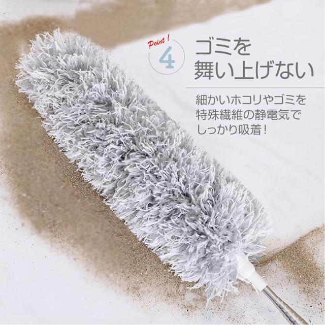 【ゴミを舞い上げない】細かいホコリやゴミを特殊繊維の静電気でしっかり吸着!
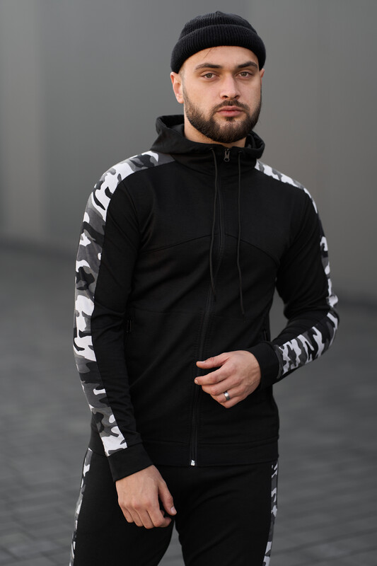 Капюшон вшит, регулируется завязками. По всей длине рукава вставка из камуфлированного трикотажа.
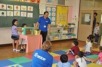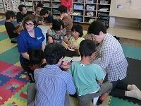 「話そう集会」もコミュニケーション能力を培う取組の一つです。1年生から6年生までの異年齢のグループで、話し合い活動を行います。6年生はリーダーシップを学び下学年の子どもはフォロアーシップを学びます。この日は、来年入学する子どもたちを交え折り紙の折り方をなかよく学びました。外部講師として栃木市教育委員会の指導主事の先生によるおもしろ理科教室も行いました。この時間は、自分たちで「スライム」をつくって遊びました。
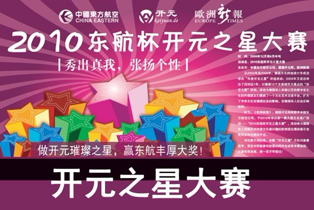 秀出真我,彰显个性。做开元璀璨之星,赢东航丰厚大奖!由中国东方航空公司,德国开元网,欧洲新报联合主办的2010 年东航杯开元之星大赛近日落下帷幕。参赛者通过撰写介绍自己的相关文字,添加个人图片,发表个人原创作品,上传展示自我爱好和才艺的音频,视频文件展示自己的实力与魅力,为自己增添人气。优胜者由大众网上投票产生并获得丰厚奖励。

==

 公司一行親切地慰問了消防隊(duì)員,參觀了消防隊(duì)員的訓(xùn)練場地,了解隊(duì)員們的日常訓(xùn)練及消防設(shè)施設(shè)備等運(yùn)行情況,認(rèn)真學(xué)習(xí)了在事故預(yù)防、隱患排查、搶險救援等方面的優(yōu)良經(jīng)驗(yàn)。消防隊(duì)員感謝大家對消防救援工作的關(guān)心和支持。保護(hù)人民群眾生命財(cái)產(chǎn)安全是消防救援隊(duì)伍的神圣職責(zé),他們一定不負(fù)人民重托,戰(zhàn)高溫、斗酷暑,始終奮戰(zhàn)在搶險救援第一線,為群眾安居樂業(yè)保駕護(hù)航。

_EXERCISE PROMPT_
After locating "Капюшон вшит, регулируется" and "秀出真我,彰显个性。做开元璀" in the records above, return exactly the line holding each one and every line between them; leave out the pictures.

_THE ANSWER_
 Капюшон вшит, регулируется завязками. По всей длине рукава вставка из камуфлированного трикотажа.
 「話そう集会」もコミュニケーション能力を培う取組の一つです。1年生から6年生までの異年齢のグループで、話し合い活動を行います。6年生はリーダーシップを学び下学年の子どもはフォロアーシップを学びます。この日は、来年入学する子どもたちを交え折り紙の折り方をなかよく学びました。外部講師として栃木市教育委員会の指導主事の先生によるおもしろ理科教室も行いました。この時間は、自分たちで「スライム」をつくって遊びました。
 秀出真我,彰显个性。做开元璀璨之星,赢东航丰厚大奖!由中国东方航空公司,德国开元网,欧洲新报联合主办的2010 年东航杯开元之星大赛近日落下帷幕。参赛者通过撰写介绍自己的相关文字,添加个人图片,发表个人原创作品,上传展示自我爱好和才艺的音频,视频文件展示自己的实力与魅力,为自己增添人气。优胜者由大众网上投票产生并获得丰厚奖励。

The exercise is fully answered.